R*Trees and Spatial Indexing Module

The R*Tree module is a standard extension to SQLite that provides an index structure that is optimized for multi-dimensional ranged data. The R*Tree name refers to the internal algorithm used to organize and query the stored data. For example, in a two-dimensional R*Tree, the rows might contain rectangles, in the form of a minimum and maximum longitude value, along with a minimum and maximum latitude. Queries can be made to quickly find all of the rows that contain or overlap a specific geological location or area. Adding more dimensions, such as altitude, allows more complex and specific searches.

R*Trees are not limited to just spacial information, but can be used with any type of numeric range data that includes pairs of minimum and maximum values. For example, an R*Tree table might be used to index the start and stop times of events. The index could then quickly return all of the events that were active at a specific point or range of time.

The R*Tree implementation included with SQLite can index up to five dimensions of data (five sets of min/max pairs). Tables consist of an integer primary key column, followed by one to five pairs of floating-point columns. This will result in a table with an odd number of 3 to 11 columns. Data values must always be given in pairs. If you wish to store a point, simply use the same value for both the minimum and maximum component.

Generally, R*Trees act as detail tables for more traditional tables. A traditional table can store whatever data is required to define the object in question, including a key reference to the R*Tree data. The R*Tree table is used to hold just the dimensional data.

Multi-dimensional R*Trees, especially those used to store bounding rectangles or bounding volumes, are often approximations of the records they are indexing.

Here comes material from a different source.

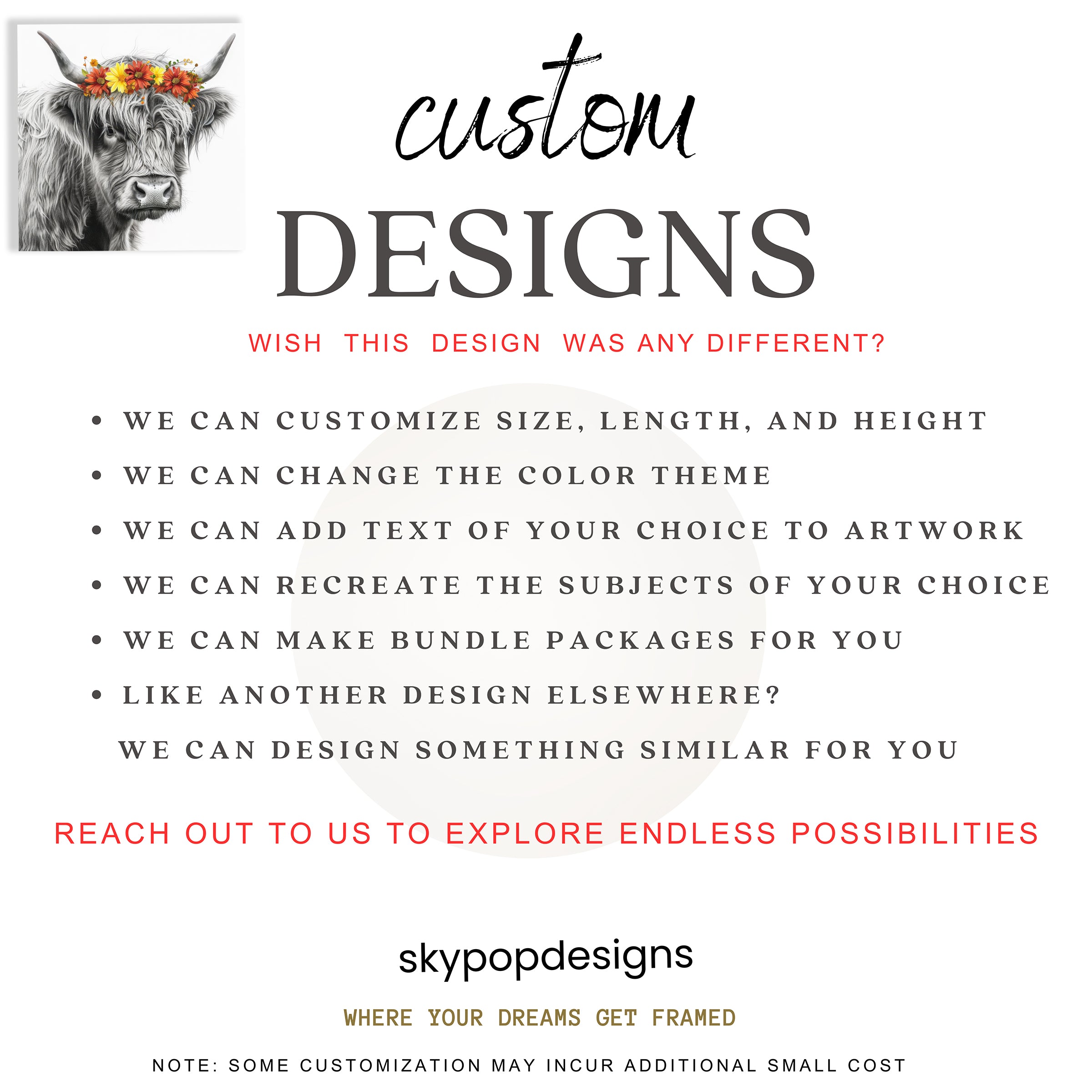 Looking for a custom design, or do you love a particular design but need it in a different size or orientation? Perhaps you've found a design elsewhere and wish for us to create something similar for you? Drop us a message! We're dedicated to meeting your needs and will work closely with you to ensure your vision comes to life.

In these cases, R*Trees are not always able to provide an exact result set, but are used to efficiently provide a first approximation. Essentially, the R*Tree is used as an initial filter to quickly and efficiently screen out all but a small percentage of the total rows. A more specific (and often more expensive) filter expression can be applied to get the final result set. In most cases, the query optimizer understands how to best utilize the R*Tree, so that it is applied before any other conditional expressions.

R*Trees are quite powerful, but they serve a very specific need. Because of this, we won’t be spending the time to cover all the details. If an R*Tree index sounds like something your application can take advantage of, I encourage you to check out the online documentation (http://www.sqlite.org/rtree.html). This will provide a full description on how to create, populate, and utilize an R*Tree index.